Corbyville is a community located within the City of Belleville, Ontario. Its origins begin when Henry Corby immigrated to Canada. Corby had been a baker in England and when he arrived in Belleville in 1832, set up a small food shop. After serving in the Rebellion of 1837 he bought a Saint Lawrence steamer named the Queen which he operated for four years.

It was customary for farmers to set aside a portion of their inferior grain to be made into whisky, and as Corby was already making whisky for the locals, he became interested in the distilling process. In 1857, Corby built a dam and established a grist-mill on the bank of the Moira River. In 1859 he built a distillery which became more important than the mill.   ( I am pretty sure this mill was built long before that by Wm Reed and his Son, about 1812, or at least there was another built back then)
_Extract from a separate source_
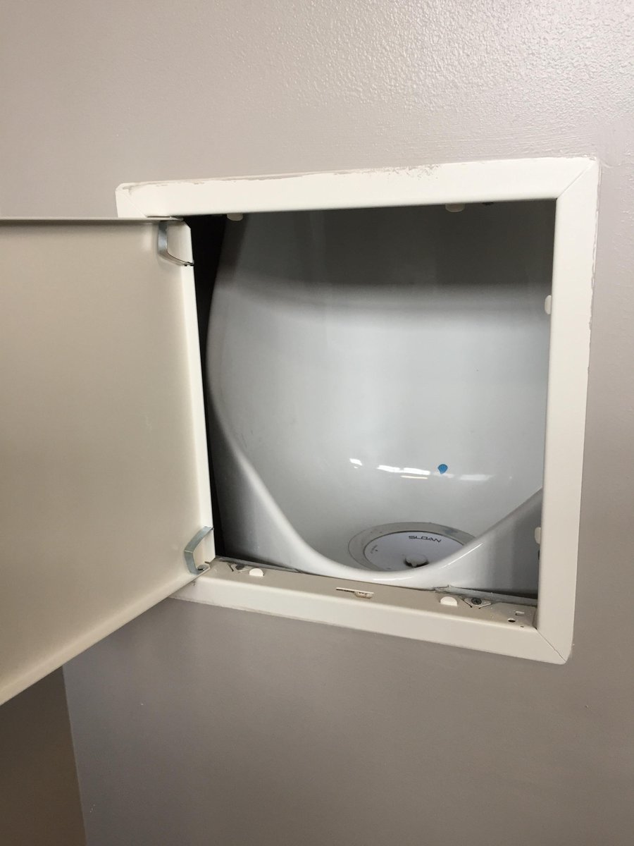 Those are waterless urinals. They don't work well and stink. That one got abandoned in place for some reason.
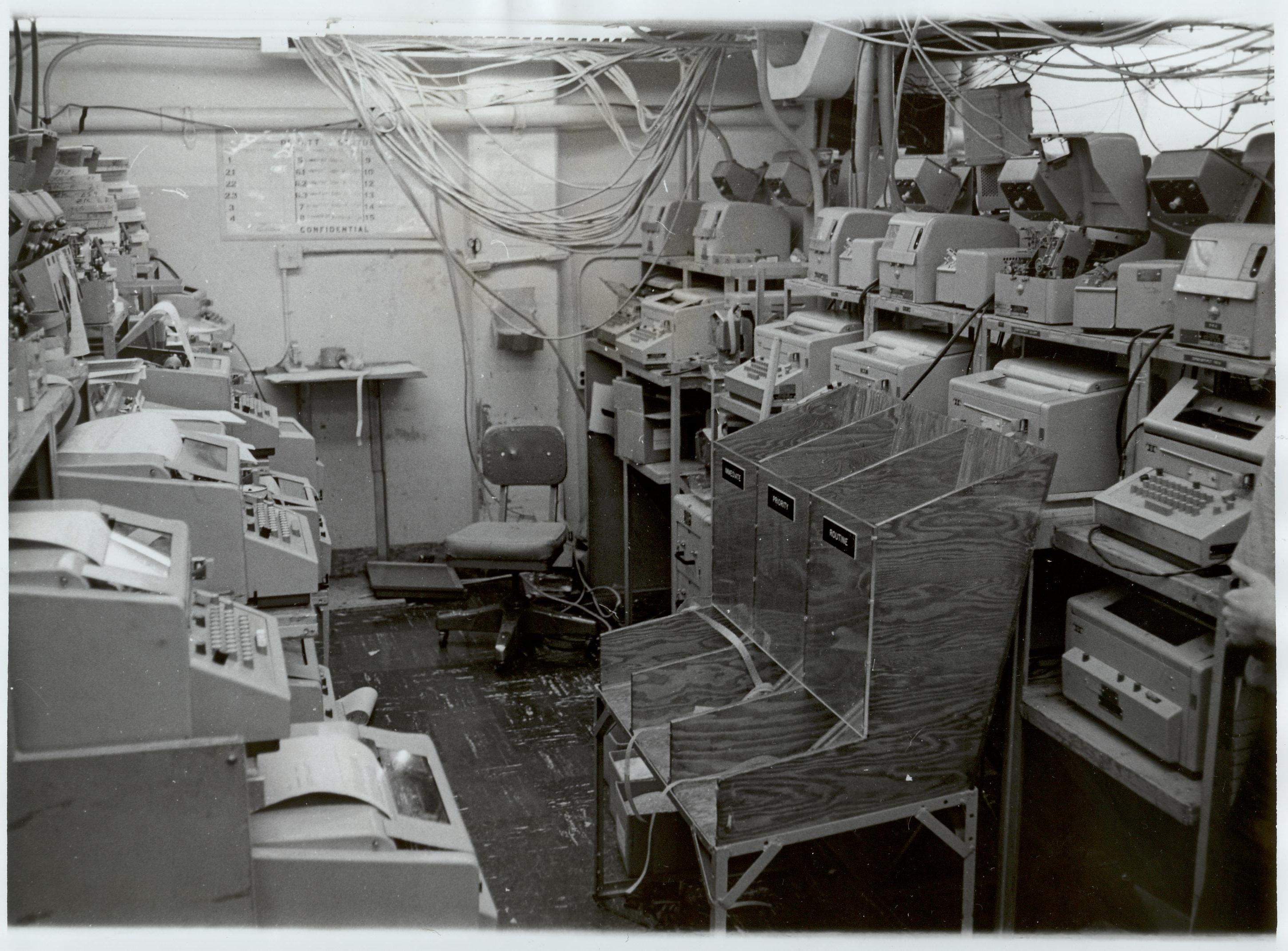 Various errors will occur, e.g., invalid routing indicator, improper message format, or improper machine functions. Messages with errors are carried to the intercept position prior to any tape multiplication or cross-office handling. Although relatively few messages contain errors, the delays resulting from the intercept operation are significant. Corrected messages from the intercept position are re-filed on a special ILU. From that point, the message is transferred cross office or the necessary additional tapes are prepared. Figures G-1 and G-2 show typical manual tape relay station operation rooms.

Ten years after building his first mill, Henry decided to try his hand at politics and was elected mayor in 1867. The following year he served as a member of the Provincial Parliament for the Conservatives.

Henry died on October 25, 1881 at which time his son, Harry, took over the business. Harry began to sell the whisky by the bottle rather than the barrel, seeing it a better business opportunity. In 1905 the company was named the H. Corby Distillery. The distillery was closed in 1989.

Corbyville today

The hamlet of Corbyville is not really a ghost town as it is sometimes described since there are over 700 households here. Corbyville has an elementary school, Harmony Public School. Teenage students who live in Corbyville are driven by bus into neighbouring city, Belleville, to attend high school.

On Sunday April 5, 2009 most of what remained of the old Corby Distillery burned down. Arson was suspected.

Now Corbyville is home to a local distillery Signal Brewery, which has a constant flow of people attending in hopes to form a get together as well as trying some wood stove baked pizza.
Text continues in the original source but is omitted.